卡希爾6點準時到達托克爾的辦公室,托克爾的秘書告訴卡希爾,托克爾看完最後一個病人後就見她。

她按響了對講機,講明自己的身份,然後對講機就嗡嗡作響。前臺滿地都是史前美洲時代和秘魯人的藝術作品的碎片,紅紅綠綠的,她的第一個念頭就是這些裝飾醫生辦公室的起鎮靜作用的彩筆畫怎麼被弄成了這種樣了。她的第二個念頭就是托克爾醫生是個喜歡虛張聲勢的人,這可不是她第一次得出這樣的結論。上一次,她在布達佩斯的科學大會上見到他時,一個特別深刻的印象是他的自我主義與他個性的外在表現十分相稱——有著電影明星的帥氣(史泰龍式的),穿著昂貴的衣服,還有一大筆錢(好像他戴了一個三明治式的廣告牌,上面有一個很大的美元標誌)。

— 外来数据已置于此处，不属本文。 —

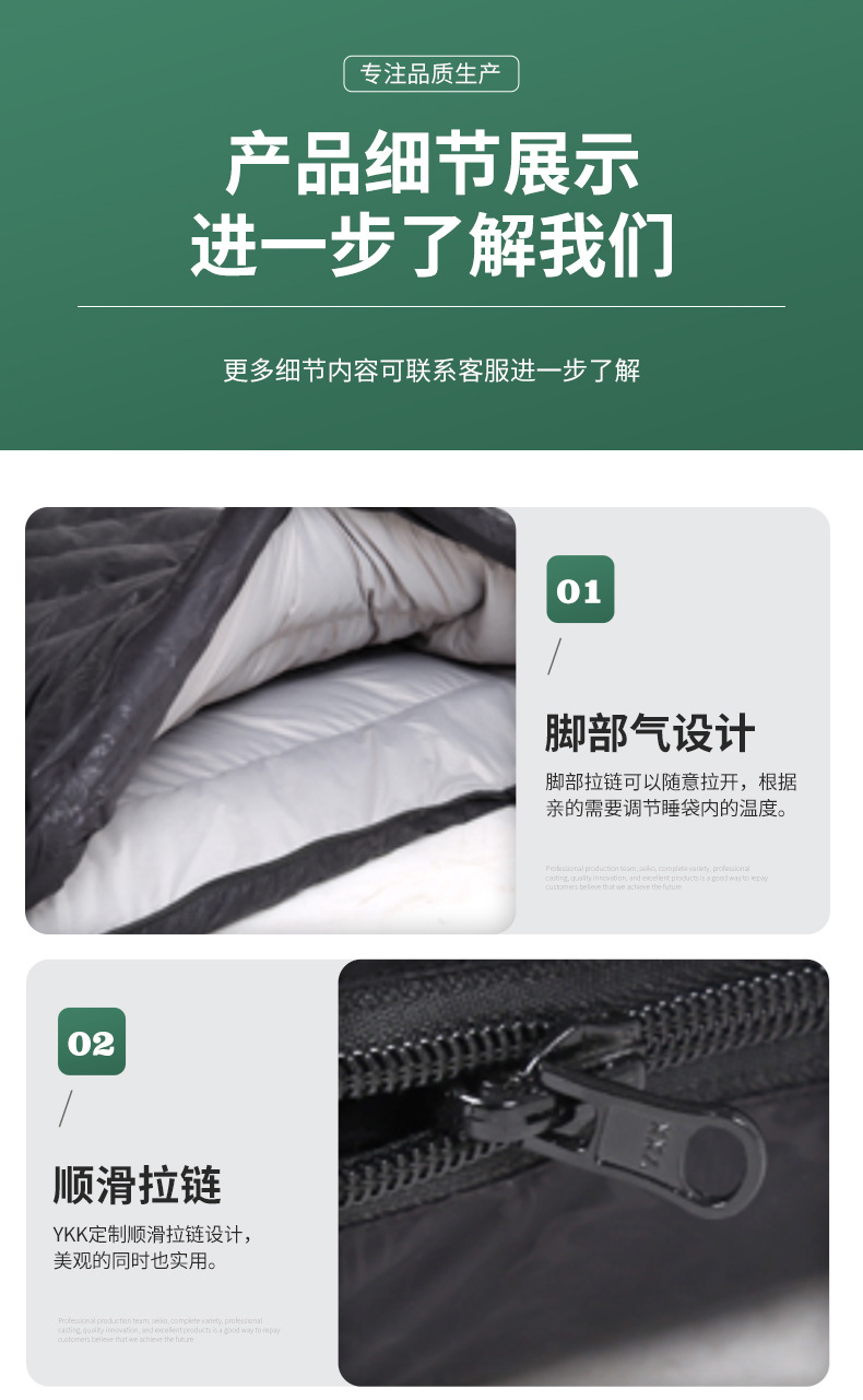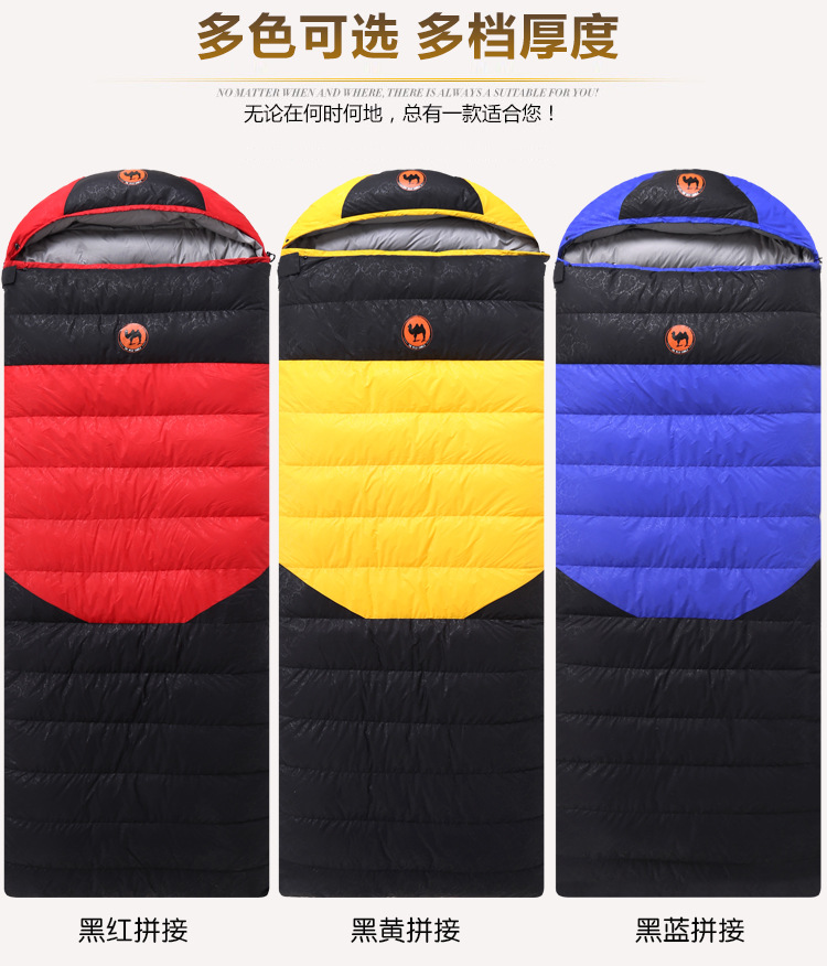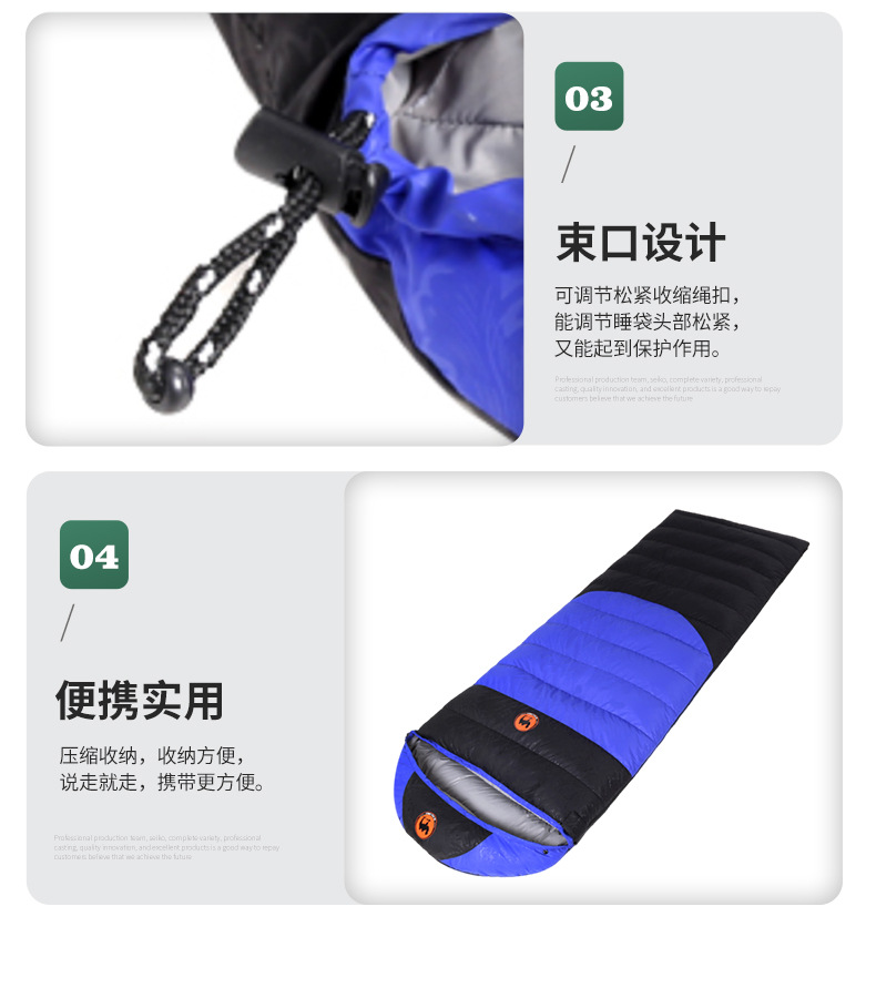 봄과 겨울 야외 캠핑을 위한 휴대용 봉투 침낭 두꺼운 방한 접합 가능한 오리 및 거위 다운 침낭 이중 목적스토어 가기

但是,可能更為重要的是,很多醫生在他們走出醫學院大門時似乎就帶著幾分自信,但這種表現在那些治療病人的情感和行為方面疾病的醫生身上特別普遍。他們覺得自己就像上帝一樣,知識淵博,看破一切,暗中狂笑別人的生活方式,輕蔑、心不在焉而又心甘情願地僅僅在15分鐘內就用別人的困境打發了一天的工作,然後,再得大筆錢。

接線員是一個討人喜歡的中年婦女,臉圓圓的,頭髮稀少,衣服和帽子穿戴得整整齊齊,好像準備要走。她讓卡希爾坐一會兒,說:「醫生幾分鐘後就見你。」說完就走出去了。卡希爾沒事就順手拿了本《建築文摘》翻了起來,過了一會兒,托克爾走了過來,「卡希爾小姐你好,我是賈森-托克爾。」說著伸出手來。從某種意義上說,他打招呼的方式與她印象中他在布達佩斯的表現不太相稱。她立即起身說:「很感謝你能抽出空見我,醫生。」

「很高興見到你,請進,我的辦公室要更舒服些。」

比起接待室,他的辦公室明顯柔和許多,牆壁是粉白色的,她覺得是一幅有鎮靜作用的畫。一面牆壁上掛滿了各種榮譽、學位和卡希爾第一眼沒認出來的人的合影。房間裡沒有辦公桌。一個玻璃製成的圓形咖啡桌後面有一個玫瑰紅的皮製轉椅。桌子的另一邊有兩張同樣的皮椅。一個皮沙發剛好形成一個頭墊,靠在另一面牆。一個小椅子放在病人的頭平躺時放在的地方的後面。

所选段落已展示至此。